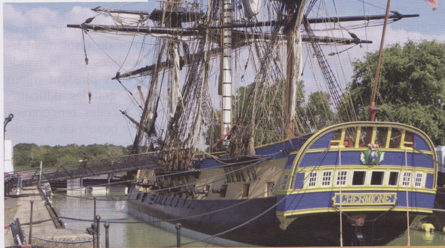
L'Hermione à quai

Quelle magnifique aventure collective depuis que, à Rochefort, le 7 septembre 2014, elle prit la mer pour la première fois avant d'aller mouiller dans la rade de l'île d'Aix. Que de milles parcourus depuis qu'elle a quitté la France le 18 avril 2015 pour rejoindre les lieux historiques de la côte est des États-Unis et du Canada, avant d'arriver à Saint-Pierre le 23 juillet. Le bouquet philatélique dédié à cet événement se compose :
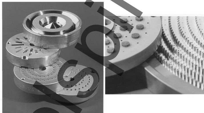
Рисунок 1 – Фильеры для формования синтетических волокон из расплава

Пример фильеры для формования синтетических волокон из расплава представлен на рисунке 1.
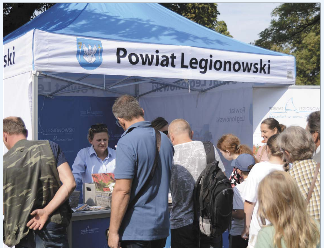
Stoisko Powiatu Legionowskiego przeżyło prawdziwe oblężenie. Konkurs wiedzy z atrakcyjnymi nagrodami jak zwykle cieszył się ogromnym powodzeniem wśród mieszkańców

Doroczne Święto Gminy Jabłonna jest nie tylko okazją do wspaniałej zabawy, ale także daje mieszkańcom szansę spotkać się i zintegrować. Wspólne spędzanie czasu jest ważnym elementem w budowaniu i podtrzymywaniu tożsamości społecznej, tak ważnej w wymiarze lokalnym.
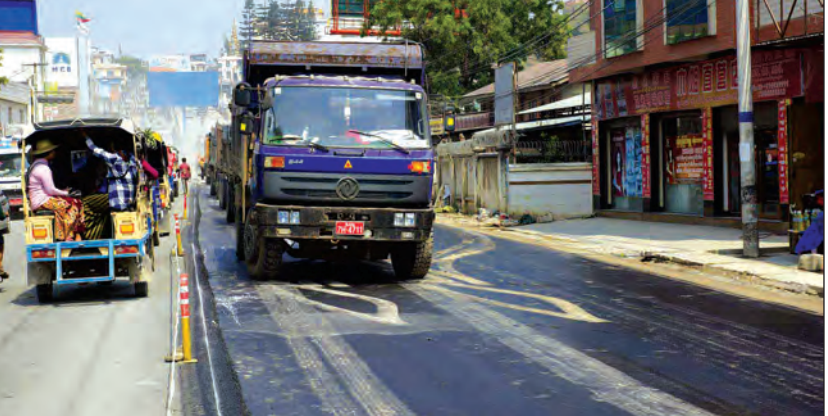
ခင်းပြီးနေသော နိုင်လွန်ကတ္တရာလမ်းတွင် ယာဉ်များသွားလာနေစဉ်။
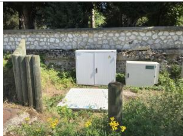
Chemin du roi (à 20 mètres de l'intersection avec la RD 313, armoire électrique)
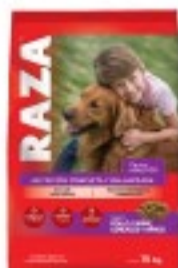
RAZA PERROS ADULTOS POLLO, CARNE, CEREALES Y ARROZ 15KG
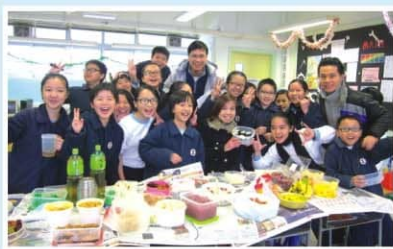
◀「秀明綠色聖誕班」班際智激鬥比賽

聖誕聯歡會時，環保組老師及環保大使呼籲同學帶適量及健康的食物，減少廚餘，並自備餐具享用食品。
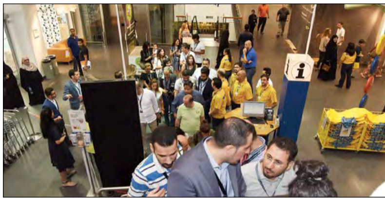
عدد من الحضور في معرض إيكيا
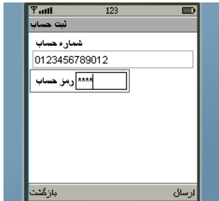
شکل شماره ۶

توجه : در صورت تمایل به تغییر رمز حساب خود می‌توانید با استفاده از منوی "حساب‌ها" گزینه "تغییر رمز حساب" را انتخاب نموده و پس از درج اطلاعات خواسته شده از جمله رمز دلخواه ۴ رقمی درخواست خود را ارسال نمایید. پس از دریافت رمز حساب با رفتن به منوی "حساب‌ها" (شکل شماره ۵) و انتخاب گزینه "ثبت حساب"، شماره حساب ۱۳ رقمی و رمز حساب دریافتی خود را در کادر مربوطه وارد نموده و دکمه ارسال را انتخاب نمایید (شکل شماره ۶).
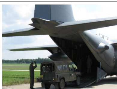
Zkouška nakládky dřívku na bechyňské základně

Čeští parašutisté ze 43. výsadkového praporu z Chrudimi a jejich kolegové z coloradské Národní gardy se tři týdny na přelomu července a srpna účastnili společného cvičení ve vojenském újezdu Boletice na jihu Čech. Součástí výcviku byly i denní a noční seskoky z transportního letadla C-130 Hercules na základně poblíž města Bechyně. „S výcvikem jsme naprosto spokojeni, vyhovovalo nám i

> _Exercise_: Return solely the number of lines in the data that include the word "формования".

> _Completed task_: 2